### Listed records ###

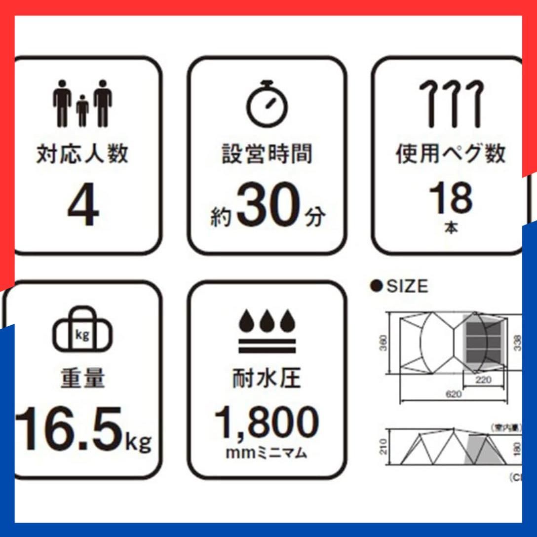 材質:本体/75Dポリエステルタフタ・遮光ピグメントPUコーティング耐水圧1,800mmミニマム・撥水加工・UVカット加工(ルーフ部)、75Dポリエステルタフタ・PUコーティング耐水圧1,800mmミニマム・撥水加工・UVカット加工(ウォール部)、210Dポリエステルオックス・PUコーティング耐水圧450mmミニマム・撥水加工(スカート部)、インナーテント/68Dポリエステルタフタ(ウォール部)、210Dポリエステルオックス・PUコーティング耐水圧1,800mmミニマム(ボトム部)、フレーム/A6061(Φ17.5mm、Φ16mm)
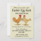 母親おもしろいの鶏の夫にことわざの漫画とイースター卵狩り招待状:"子供たちを隠す時間。 イースターの時間で、彼女はイースターの卵の飾狩りのために生まれていない雛のために。自分のパーソナライズされた文字で。おもしろいと可愛い茶色のチキンイースター卵の漫画スケッチアートデザイン。スケッチバイアイロニーデザイン。All Rights Reserved.
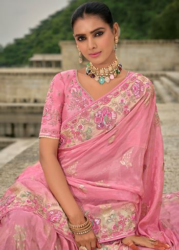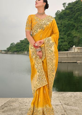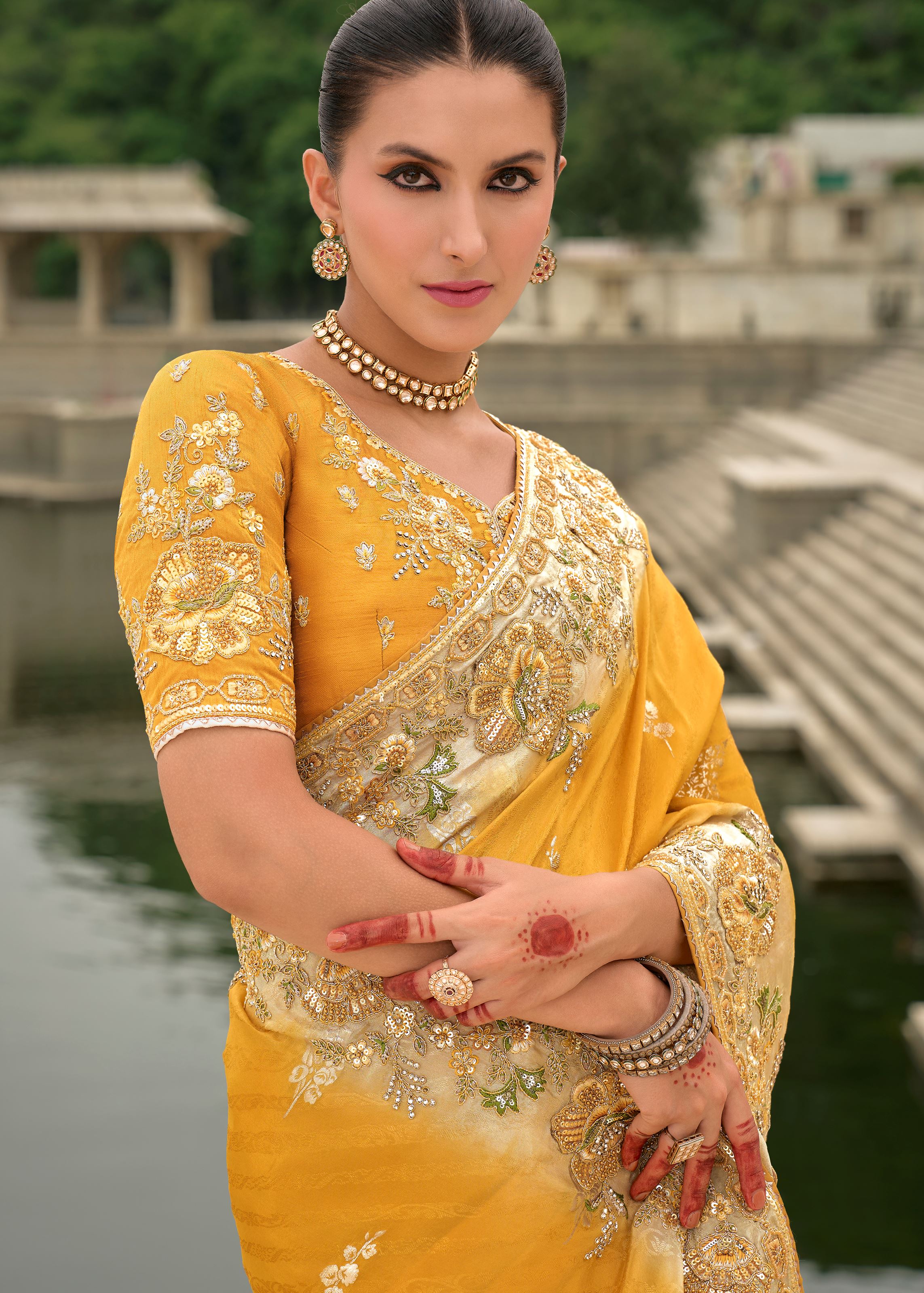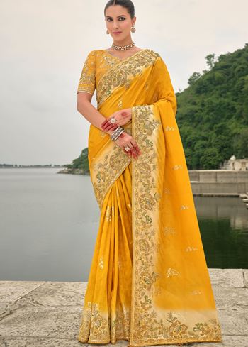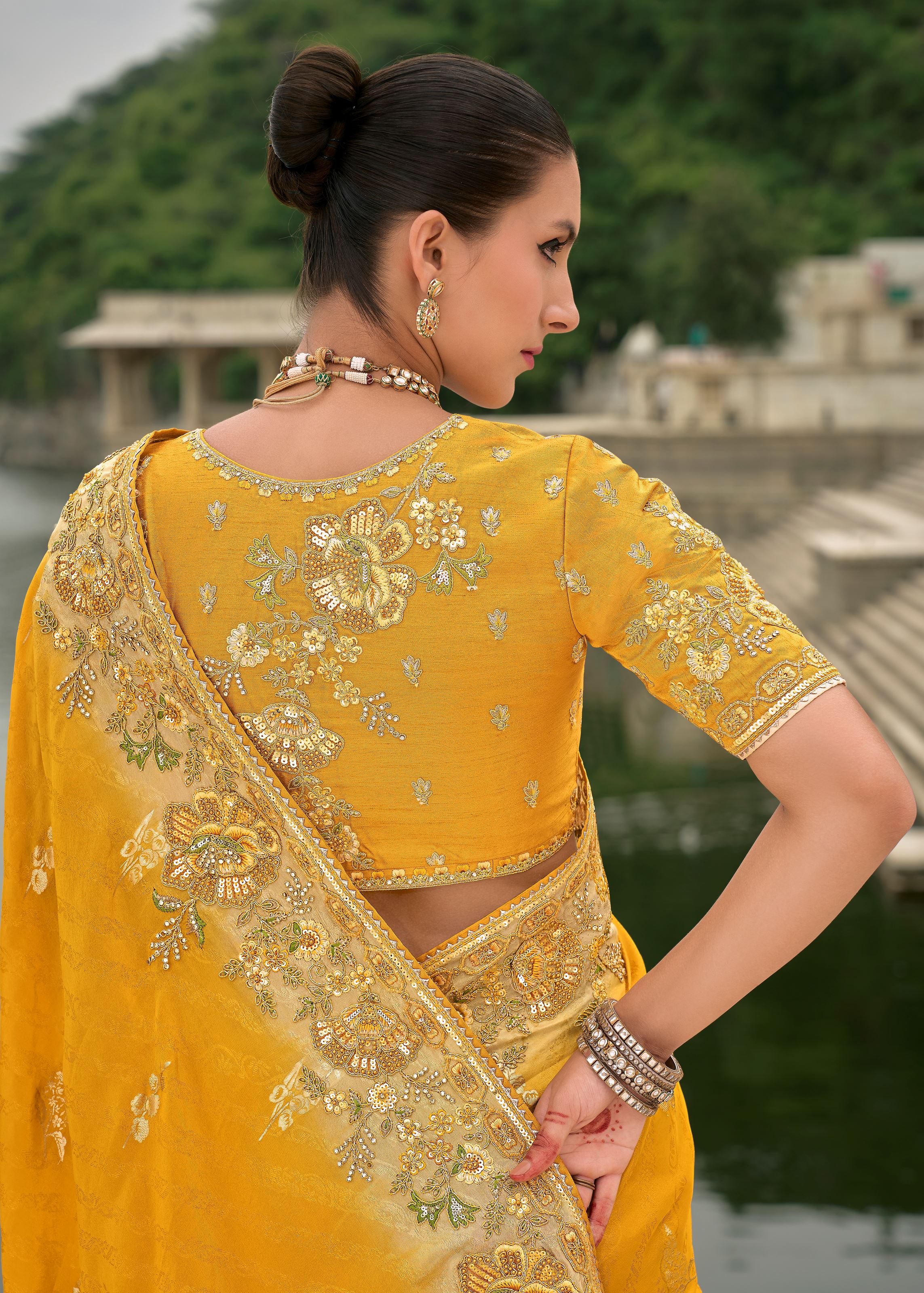 Mustard Jacquard Saree With Heavy Thread Embroidery and Sequins Work
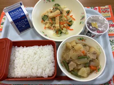 ごはん 牛乳 納豆 じゃこサラダ 肉じゃが
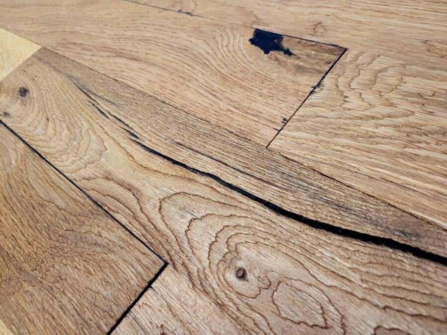 Nerovnoměrným ručně hoblovaným povrchem je dosaženo zcela originálního vzhledu na způsob starých prkenných podlah.
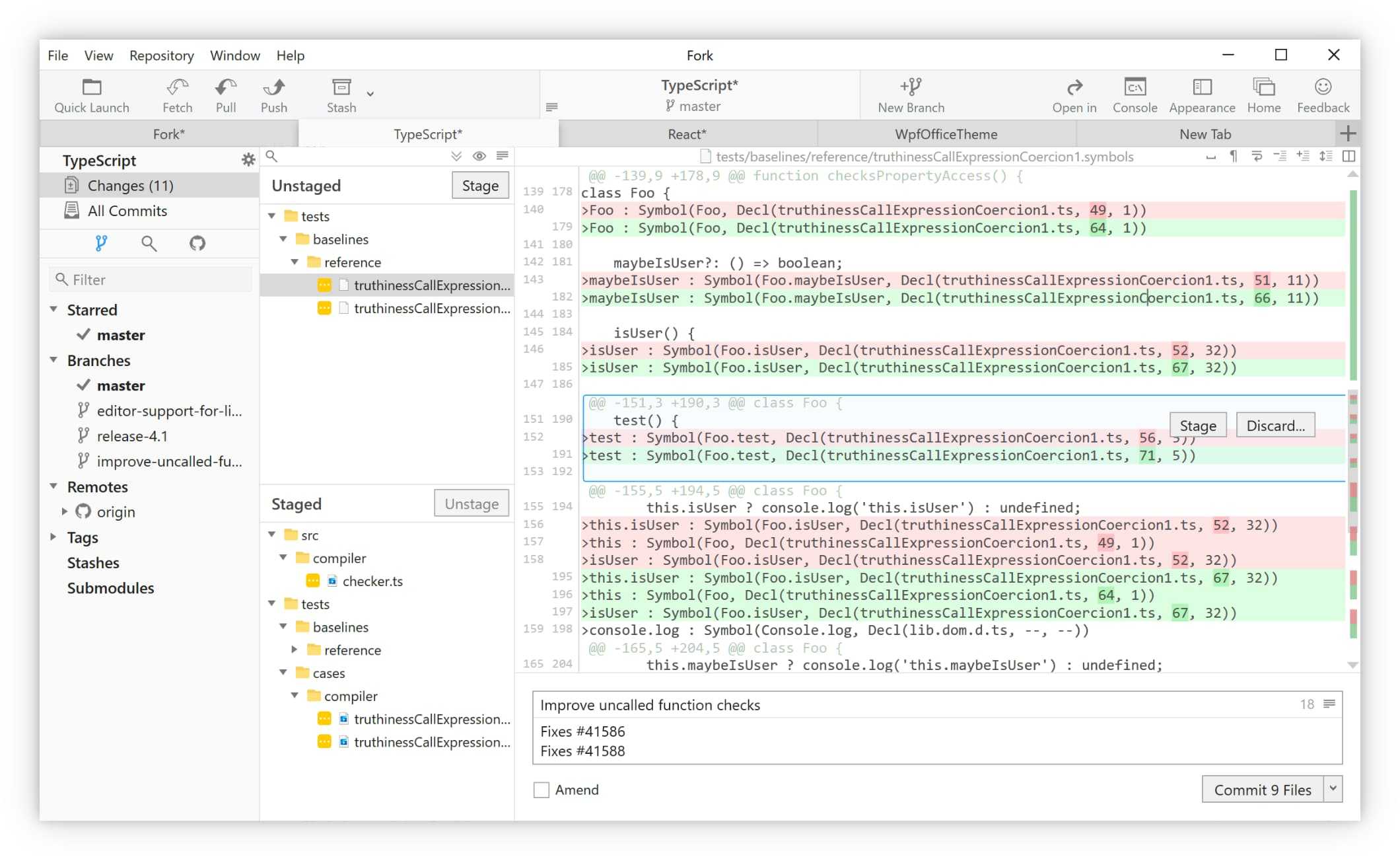 Efficient File Staging: Its ability to stage changes line-by-line efficiently and without resetting the file scroll view is praised, especially for feature-specific commits

###

What's needed here is an exact repeat of all the records above, pictures excluded.

 材質:本体/75Dポリエステルタフタ・遮光ピグメントPUコーティング耐水圧1,800mmミニマム・撥水加工・UVカット加工(ルーフ部)、75Dポリエステルタフタ・PUコーティング耐水圧1,800mmミニマム・撥水加工・UVカット加工(ウォール部)、210Dポリエステルオックス・PUコーティング耐水圧450mmミニマム・撥水加工(スカート部)、インナーテント/68Dポリエステルタフタ(ウォール部)、210Dポリエステルオックス・PUコーティング耐水圧1,800mmミニマム(ボトム部)、フレーム/A6061(Φ17.5mm、Φ16mm)
 母親おもしろいの鶏の夫にことわざの漫画とイースター卵狩り招待状:"子供たちを隠す時間。 イースターの時間で、彼女はイースターの卵の飾狩りのために生まれていない雛のために。自分のパーソナライズされた文字で。おもしろいと可愛い茶色のチキンイースター卵の漫画スケッチアートデザイン。スケッチバイアイロニーデザイン。All Rights Reserved.
 Mustard Jacquard Saree With Heavy Thread Embroidery and Sequins Work
 ごはん 牛乳 納豆 じゃこサラダ 肉じゃが
 Nerovnoměrným ručně hoblovaným povrchem je dosaženo zcela originálního vzhledu na způsob starých prkenných podlah.
 Efficient File Staging: Its ability to stage changes line-by-line efficiently and without resetting the file scroll view is praised, especially for feature-specific commits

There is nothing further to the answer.